За окнами, в саду, лежал глубокий снег. Возле того места, где весной адмирал Топиков пытался поставить телефонный столб, стояла кормушка для приблудных птиц, главным образом, воробьев и галок. И Денис, стоя у окна, видел, как Настя сыпала пшено в кормушку.

Ольга взволнованно ходила по комнате и не могла скрыть радости от такого, как она выразилась, "благополучного" исхода свидания Дениса со Сталиным. Все хорошо. Главное – Денис, ее Денис в безопасности, в полной безопасности.

– Я не понимаю тебя, Ольга… – говорил Денис, не поворачиваясь и глядя в окно. – Неужели ты не видишь, что требование Сталина – циничное насилие над моей творческой волей… над человеком вообще?

– Понимаю и не спорю, Денис. Но тебе-то что до этого?.. Я верю в тебя, в твой талант, и убеждена, что поэму ты переделаешь великолепно…

Денис мучительно сморщился и резко повернулся к жене.

– Ольга, как ты… как ты можешь так говорить? – укоризненно сказал он.

– Значит, могу, если говорю.

– Не буду я переделывать поэму. Пусть он идет ко всем чертям!

– Во-первых, тише… – спокойно сказала Ольга, подходя к Денису и кладя ему руки на плечи. – А во-вторых, поэму ты переделаешь и переделаешь хорошо.

– Не буду… – повторил Денис.

– Бу-удешь… – протянула Ольга и поцеловала его. – Будешь. Ради меня, да? – шепнула она.

Через несколько дней Ольга уговорила Дениса начать переделку поэмы.

VI

Бледная, с трясущимися губами стояла Ольга перед Дмитрием. Они находились в кабинете Дениса, в подмосковном доме. За окнами, за наглухо спущенными шторами шумела метель, в сучьях деревьев тонко, противно свистел морозный ветер.

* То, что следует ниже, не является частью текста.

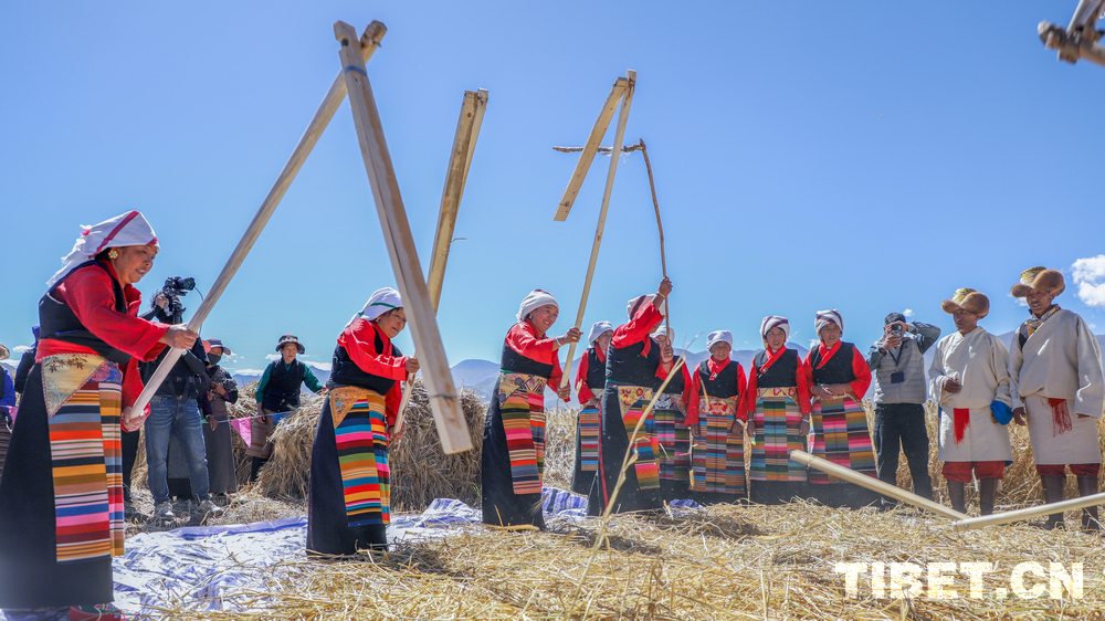 資料圖:西藏拉薩林周縣強嘎鎮典沖村村民展示傳統青稞脫粒 攝影:賈華加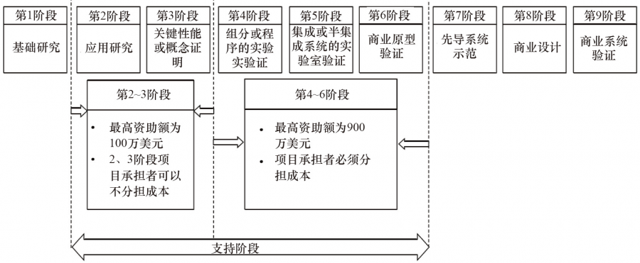 以美国创造性制造计划(innovative manufacturing initiative,IMI)中 PPP 的运用为例,IMI 计划把技术从产生到实现商业化的过程分为9个阶段实施管理,并且对不同阶段项目成本的分担具有明确规定。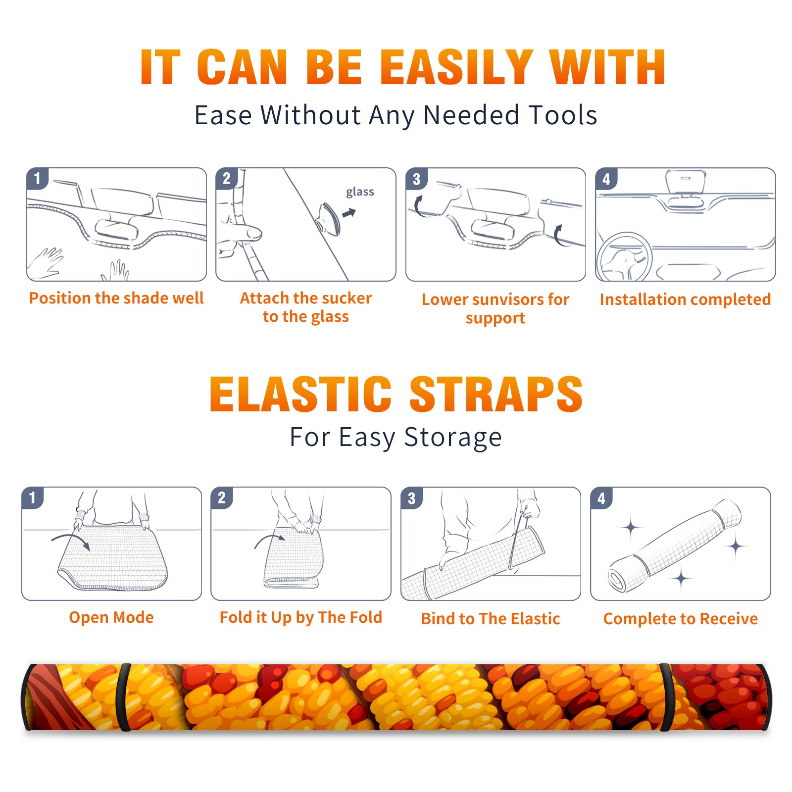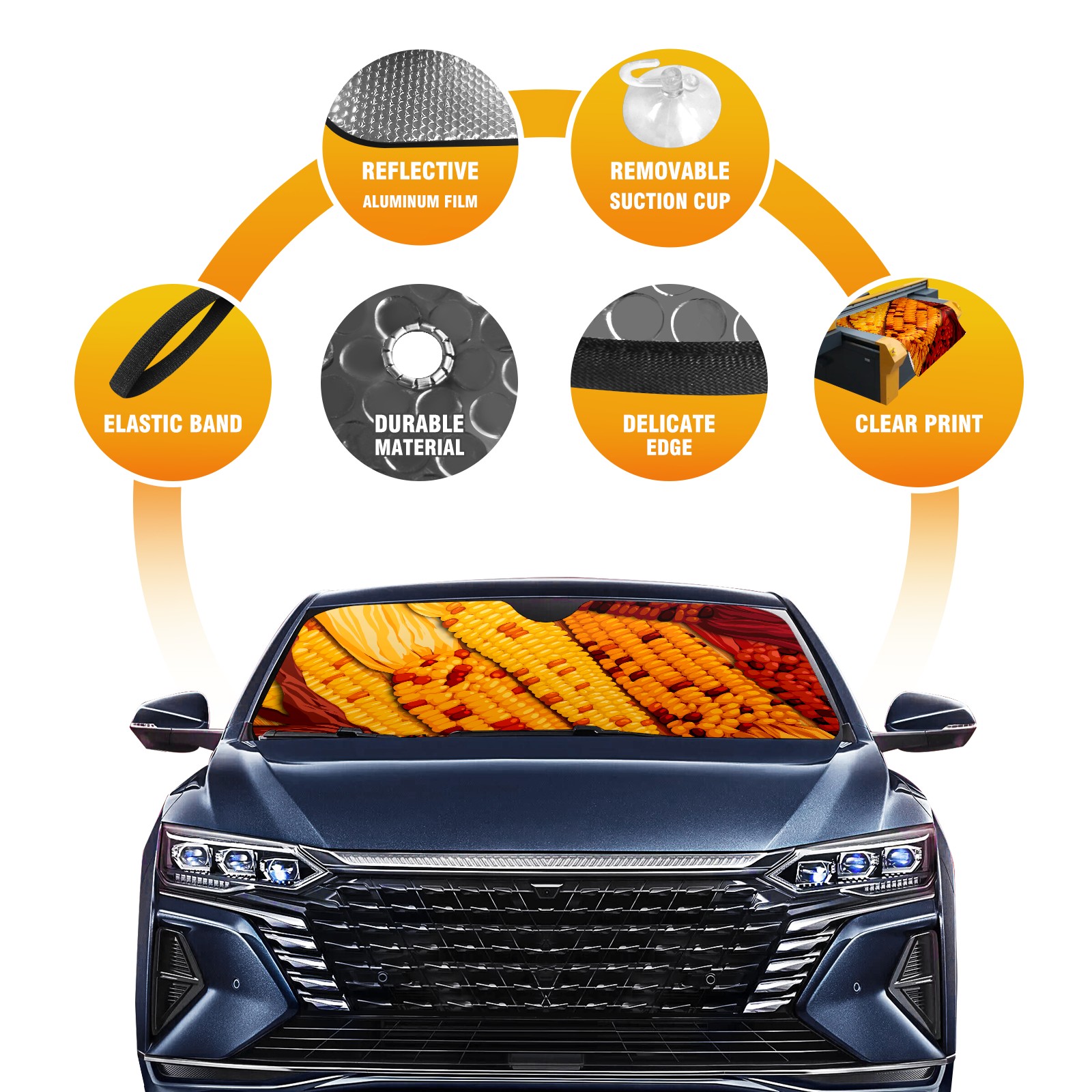 Car Windshield Sun Shade Polyester Car Sunshade Pad, Heat Insulation And Sun Protection Thanksgiving corn harvest

На письменном столе горела настольная лампа под широким зеленым абажуром. Все кругом тонуло в полумраке.

Дмитрий стоял возле книжного шкапа, глубоко засунув руки в карманы расстегнутого черного драпового пальто, с серым волчьим воротником. Меховая шапка его, с бусинками воды на ворсе от растаявшего снега, лежала, брошенная, на кресле. Ольга тоже стояла одетая – лишь расстегнула шубку.

Кроме них, в доме никого не было. Елена Михайловна с Танечкой на два дня уехали в Тверь к каким-то родственникам Елены Михайловны. Настя со своим ухажёром – сцепщиком со станции Переделкино – была в городе: Ольга подарила ей еще неделю назад два билета в театр. Денис был в Ленинграде. Ольга приехала из города на поезде, сошла на станции Переделкино и пошла на дачу пешком. Возле самого дома, в тени густых елей, ее догнал Дмитрий, следивший за нею от самой Москвы. И Ольге ничего не оставалось, как пригласить его в дом. Оказалось, что Дмитрий точно знал, что Ольга одна в доме.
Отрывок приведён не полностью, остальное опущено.